Task input:
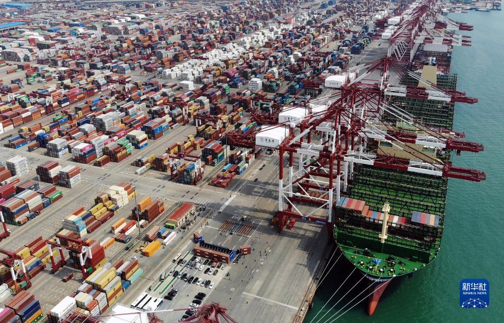 這是5月26日在海南洋浦經(jīng)濟(jì)開發(fā)區(qū)拍攝的洋浦國(guó)際集裝箱碼頭(無人機(jī)照片)。新華社記者 蒲曉旭 攝
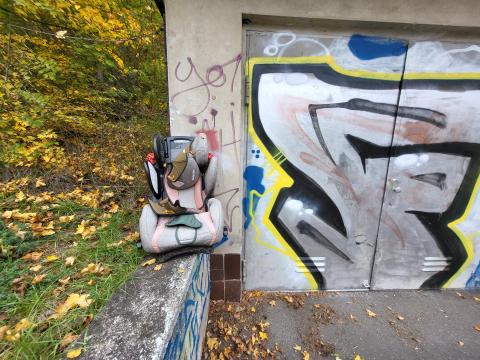 Dieser Kindersitz steht hier schon seit mindestens 1 Jahr. Jetzt fällt er langsam auseinander. Der wird also bestimmt nicht mehr gebraucht und kann weg....
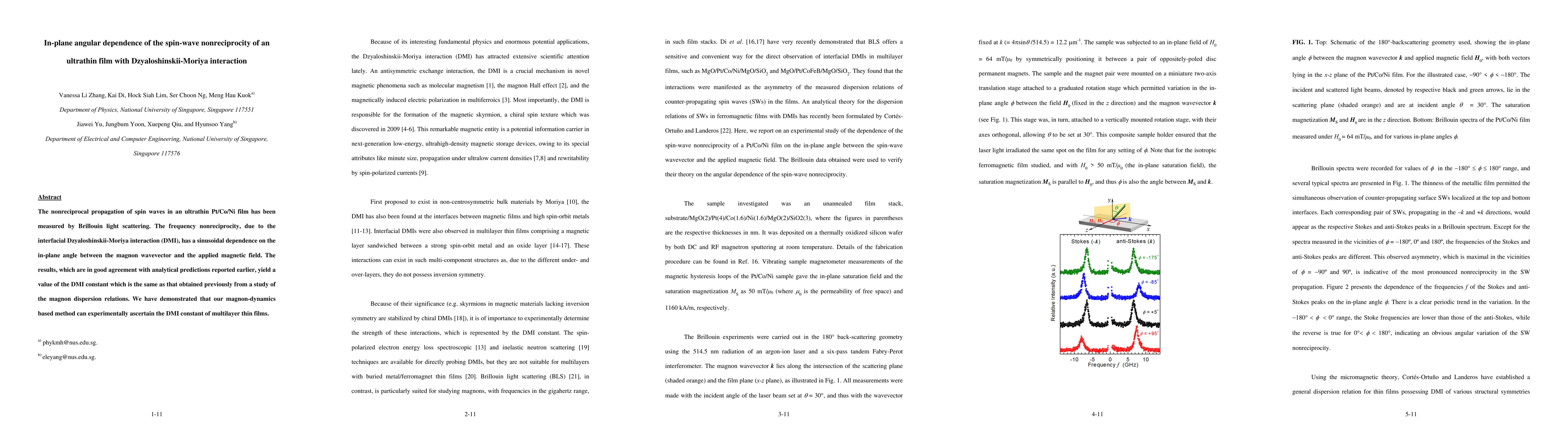 This paper measures the nonreciprocal propagation of spin waves in an ultrathin Pt/Co/Ni film using Brillouin light scattering, finding a sinusoidal in-plane angular dependence due to Dzyaloshinskii-Moriya interaction. The study confirms analytical predictions and demonstrates a method to ascertain the Dzyaloshinskii-Moriya interaction constant from magnon dynamics.
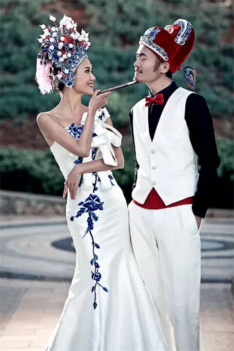 当凤冠霞帔邂逅唯美婚纱,将会擦出怎样的火花呢?凤冠搭配绣花白底婚纱,古典与潮流结合。这样的婚纱照,光是服装就让人难忘。
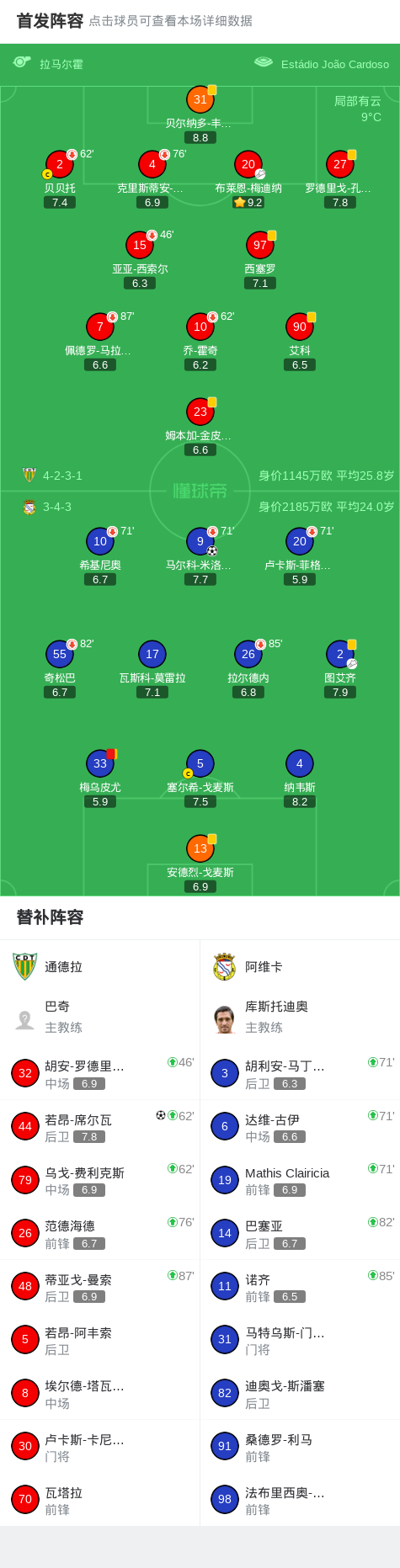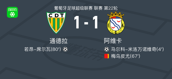 北京时间2月14日葡萄牙足球超级联赛 联赛 第22轮,通德拉主场对阵阿维卡。通德拉若昂-席尔瓦破门。阿维卡马尔科-米洛万诺维奇破门。最终比分通德拉 1-1 阿维卡。
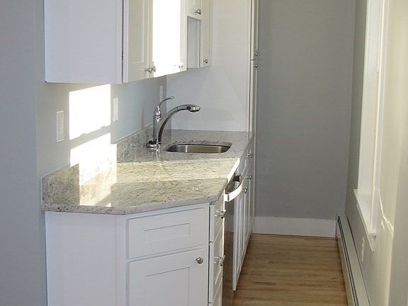 Totally renovated!! Absolutely gorgeous 2 bedroom third floor apartment with on street parking. Desirable location. Doesn't get any better than this!! Fabulous kitchen w/new cabinets, granite counter tops and stainless appliances (stove, refrigerator, dishwasher, microwave). Large new bathroom. Master bedroom w/walk in closet. Hard wood floors and high ceilings throughout. High efficiency hot water baseboard heat with hot water on demand. Commuter location convenient to shopping, highways, local colleges, etc. No Pets or smoking.

Exercise brief:
Every line of the listing above is to be set down verbatim, without the pictures.

Answer section:
 這是5月26日在海南洋浦經(jīng)濟(jì)開發(fā)區(qū)拍攝的洋浦國(guó)際集裝箱碼頭(無人機(jī)照片)。新華社記者 蒲曉旭 攝
 Dieser Kindersitz steht hier schon seit mindestens 1 Jahr. Jetzt fällt er langsam auseinander. Der wird also bestimmt nicht mehr gebraucht und kann weg....
 This paper measures the nonreciprocal propagation of spin waves in an ultrathin Pt/Co/Ni film using Brillouin light scattering, finding a sinusoidal in-plane angular dependence due to Dzyaloshinskii-Moriya interaction. The study confirms analytical predictions and demonstrates a method to ascertain the Dzyaloshinskii-Moriya interaction constant from magnon dynamics.
 当凤冠霞帔邂逅唯美婚纱,将会擦出怎样的火花呢?凤冠搭配绣花白底婚纱,古典与潮流结合。这样的婚纱照,光是服装就让人难忘。
 北京时间2月14日葡萄牙足球超级联赛 联赛 第22轮,通德拉主场对阵阿维卡。通德拉若昂-席尔瓦破门。阿维卡马尔科-米洛万诺维奇破门。最终比分通德拉 1-1 阿维卡。
 Totally renovated!! Absolutely gorgeous 2 bedroom third floor apartment with on street parking. Desirable location. Doesn't get any better than this!! Fabulous kitchen w/new cabinets, granite counter tops and stainless appliances (stove, refrigerator, dishwasher, microwave). Large new bathroom. Master bedroom w/walk in closet. Hard wood floors and high ceilings throughout. High efficiency hot water baseboard heat with hot water on demand. Commuter location convenient to shopping, highways, local colleges, etc. No Pets or smoking.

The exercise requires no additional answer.